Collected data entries
────────────────
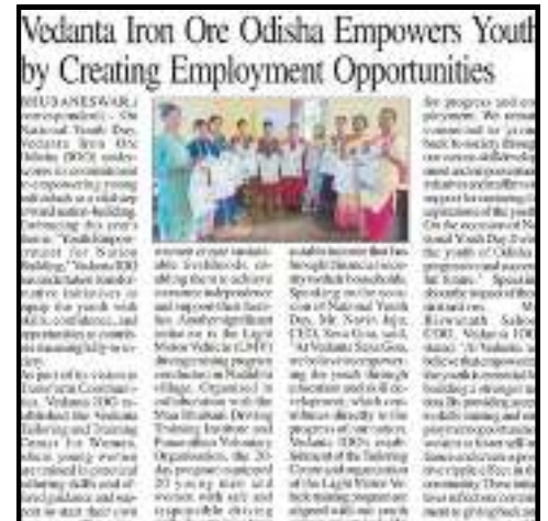
Inauguration of VTTC Gujarat
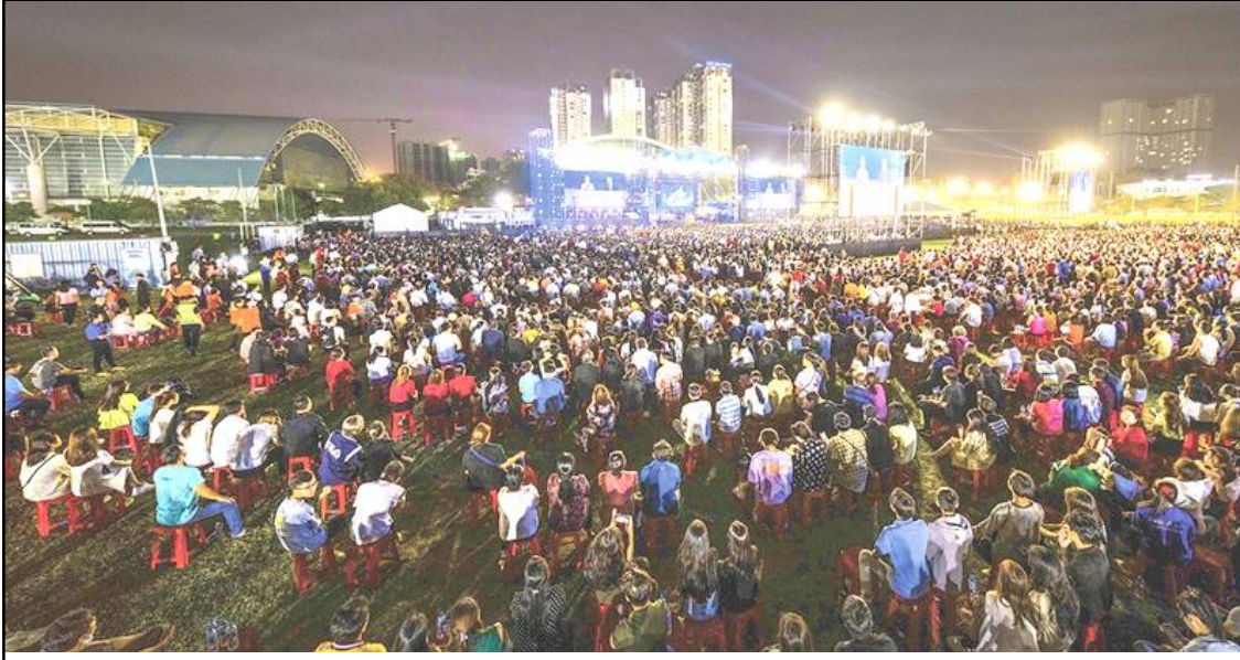
Taküm March ita nung Franklin Graham-i Vietnam kübok Ho Chi Minh yimti nung 'Spring Love Festival' evangelistic sentong agidang tangokba noksa nung angur.

December 14, 2023: Tawa pastor kati, taküm küm tetenzüklen sayutsünger Franklin Graham-i ayongzüka agiba Evangelistic sentong ajanga Yisu Khrista memeteter Vietnam nung aika kongshiogo, ta ashi.
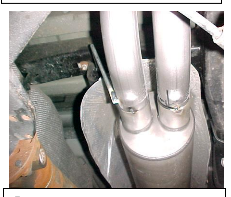
5. INSTALL DRIVERS SIDE TAILPIPE # D INTO MUFFLER 1 ½" TO 2". INSERT HANGERS INTO RUBBER GROMMETS, USE CLAMP # G TO SECURE PIPE TO MUFFLER. DO NOT TIGHTEN.
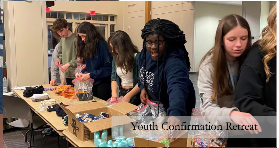
Youth Confirmation Retreat
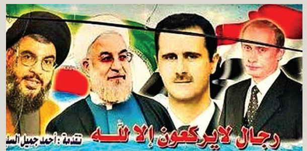
The other quartet: a poster showing Hezbollah leader Hassan Nasrallah, Iranian President Hassan Rouhani, Syrian dictator Bashar al-Assad and Russian strongman Vladimir Putin.
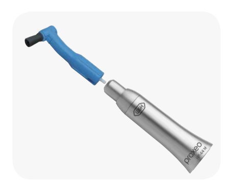
User-friendly and hygiene-friendly The straight handpiece for all disposable contra-angle handpieces with plastic shaft, Doriot system. The complete contra-angle handpiece is removed after use.
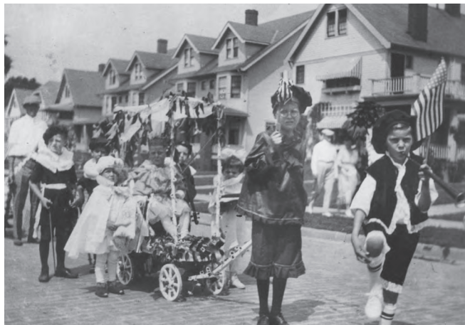
4th of July on Sycamore Road, 1925
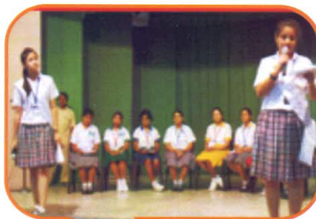
Inter House Debate Competition : Words, words, words...
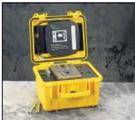
The 9009 is built into a small, lightweight, rugged enclosure that holds everything you need and comes in black or yellow.
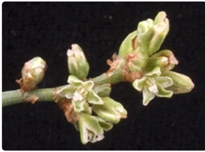
Female flowers. Scotia Sanctuary, western NSW
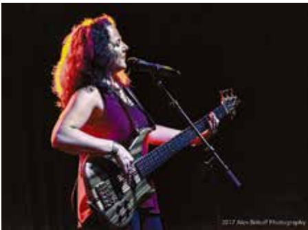
Top: Woman at Work (on Bass)
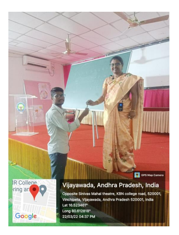
Resource person offering gift to student winners (Puzzle Solving)
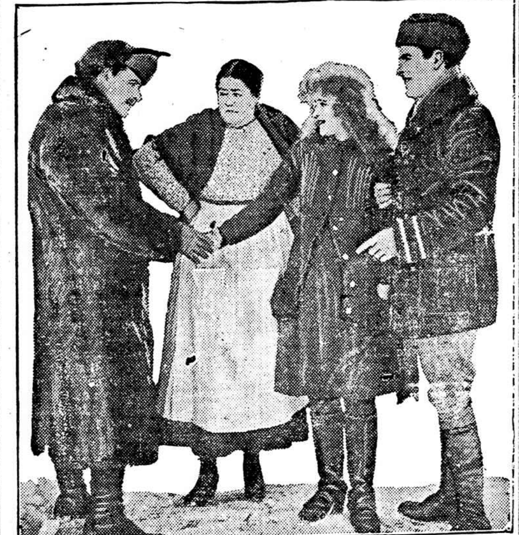
The Bold Eyes of Morgan Devoured Her.
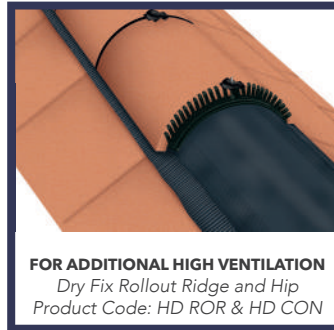
FOR ADDITIONAL HIGH VENTILATION Dry Fix Rollout Ridge and Hip Product Code: HD ROR & HD CON
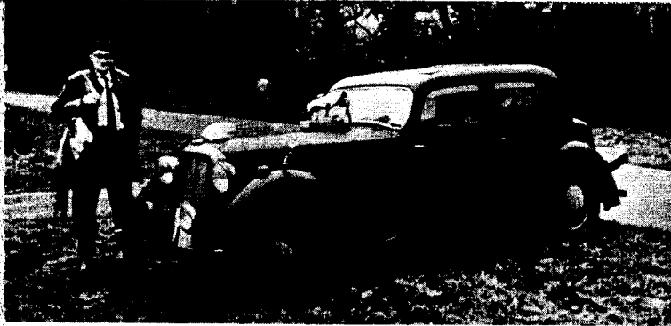
ANGLETON ON A FISHING TRIP TO ENGLAND (1964) At home with Dante, poker and handicapping horses.

profound abhorrence of totalitarianism. Says Angleton: "If one has lived much of his life abroad, as I have, one is apt to judge his country more precious than do those who know no other country well." He recalls the day in 1936, when he was 18 and working through a summer holiday as an apprentice mechanic in National Cash Register's Paris factory, that the workers heard about the Wehrmacht reoccupation of the Rhineland. Says Angleton: "The workers to a man threw down their tools and standing at attention sang the Marseillaise . Then they streamed into the street, cursing the government. I stayed up all night, listening to the furious talk of the workers in the bistros. It was my first political experience—an experience in despair. And the war lengthened the experience. While gathering evidence for the Nuremberg war trials, I came upon the horrifying proof of the extermination of 6 million Jews. To prevent war, to preserve freedom are continuing causes with me. They have shaped my life."
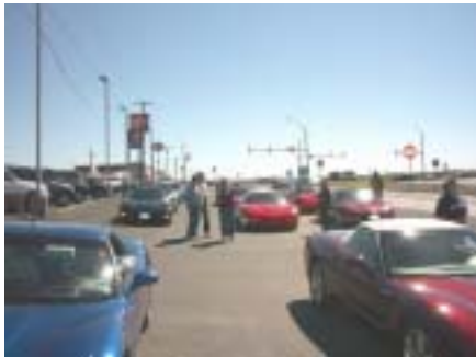
Didn't I qualify for the pole?
────────────────
» DIRECTIONS: Output only these lines, word for word: the line containing "Resource person offering" and every line after it through the last line of the data. Omit the pictures.

» SOLUTION TO THE EXERCISE:
Resource person offering gift to student winners (Puzzle Solving)
The Bold Eyes of Morgan Devoured Her.
FOR ADDITIONAL HIGH VENTILATION Dry Fix Rollout Ridge and Hip Product Code: HD ROR & HD CON
ANGLETON ON A FISHING TRIP TO ENGLAND (1964) At home with Dante, poker and handicapping horses.

profound abhorrence of totalitarianism. Says Angleton: "If one has lived much of his life abroad, as I have, one is apt to judge his country more precious than do those who know no other country well." He recalls the day in 1936, when he was 18 and working through a summer holiday as an apprentice mechanic in National Cash Register's Paris factory, that the workers heard about the Wehrmacht reoccupation of the Rhineland. Says Angleton: "The workers to a man threw down their tools and standing at attention sang the Marseillaise . Then they streamed into the street, cursing the government. I stayed up all night, listening to the furious talk of the workers in the bistros. It was my first political experience—an experience in despair. And the war lengthened the experience. While gathering evidence for the Nuremberg war trials, I came upon the horrifying proof of the extermination of 6 million Jews. To prevent war, to preserve freedom are continuing causes with me. They have shaped my life."
Didn't I qualify for the pole?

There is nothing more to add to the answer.